Boeing 737 Fails To Land At Intended Destination After Pilots Fell Asleep At The Controls

One Boeing 737 flying under the banner of the largest airline in Africa stayed up at over 37,000 feet in the air when it was supposed to be descending to land at its assigned destination early this past week, all due to the pilots reportedly falling asleep.

Officials with air traffic controls tried to make contact with the pilots on multiple separate instances once they noticed that the Ethiopian Airlines plane flying from Sudan to Ethiopia has not made any move to start its descent, but in each case, the 737’s crew failed to respond, as reported by The Aviation Herald. After the plane blew past its assigned runway, its autopilot functions turned off and sounded a series of alarms that finally woke the pilots up, who were then able to safely land the aircraft roughly 25 minutes after it was slated to land.

“Deeply concerning incident at Africa’s largest airline — Ethiopian Airlines Boeing 737 #ET343 was still at cruising altitude of 37,000ft by the time it reached destination Addis Ababa,” explained Aviation Analyst Alex Macheras, all alongside a picture highlighting the odd and haphazard flight path from the plane.

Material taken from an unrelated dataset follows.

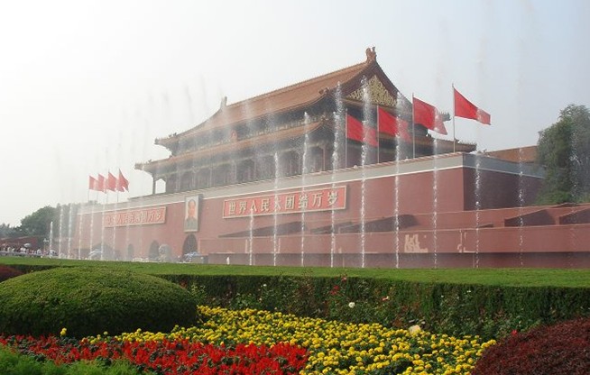天安门在中国的明朝、清朝两代是两代皇城的正门。天安门始建于明永乐十五年(1417年),原名“承天门”,取“承天启运”、“受命于天”之意。 当时天安门是一座黄瓦飞檐、三层楼的五洞牌坊,朱漆金钉,光彩夺目。一条笔直的中心御道,穿过端门,直通皇宫正门的午门。御道两侧,按左宗庙、右社稷的传统建制排建。御道两侧增筑红墙,一直延伸到天安门外,与两道千步廊相连,成为一个封闭状态的宫廷广场。广场外围,左为文官官署,右为武官官署,充分显示了中央集权的浩浩声势。清顺治八年(1651年),改建为“天安门”,取“受命于天”、“安邦治民”之意。天安门城楼面前是封闭状态的宫廷广场,文武百官到此下马,庶民百姓不得入内,探头一看,即犯“私窥宫门”的重罪,格杀无赦。

The pilots from the incident have officially been suspended by Ethiopian Airlines pending an in-depth investigation into the ordeal, stated Macheras. He went on to add that “pilot fatigue” is currently one of the most massive challenges facing the airline industry and endangering passenger safety.

“A timely reminder that pilot fatigue is widespread, an issue across the airline spectrum, sometimes systematic, and poses a major threat to air safety,” explained the aviation expert.

The problem of fatigue has also been an extreme concern among pilots for many airline companies in America, especially among the reported shortages in staffing facing the industry. As reported by CNBC, United CEO Scott Kirby expressed in April, “The pilot shortage for the industry is real, and most airlines are simply not going to be able to realize their capacity plans because there simply aren’t enough pilots, at least not for the next five-plus years.”

Also in April, pilots for both Delta and Southwest warned the executives of the companies about the extreme danger of overworking airline crews, as reported by CNN.

“Fatigue, both acute and cumulative, has become Southwest Airlines’ number-one safety threat,” wrote Southwest’s pilot’s association in a release sent to company executives. Evan Baach, a captain for Delta Airlines and an official for the Air Line Pilots Association went on, “Our pilots are tired and fatigued.”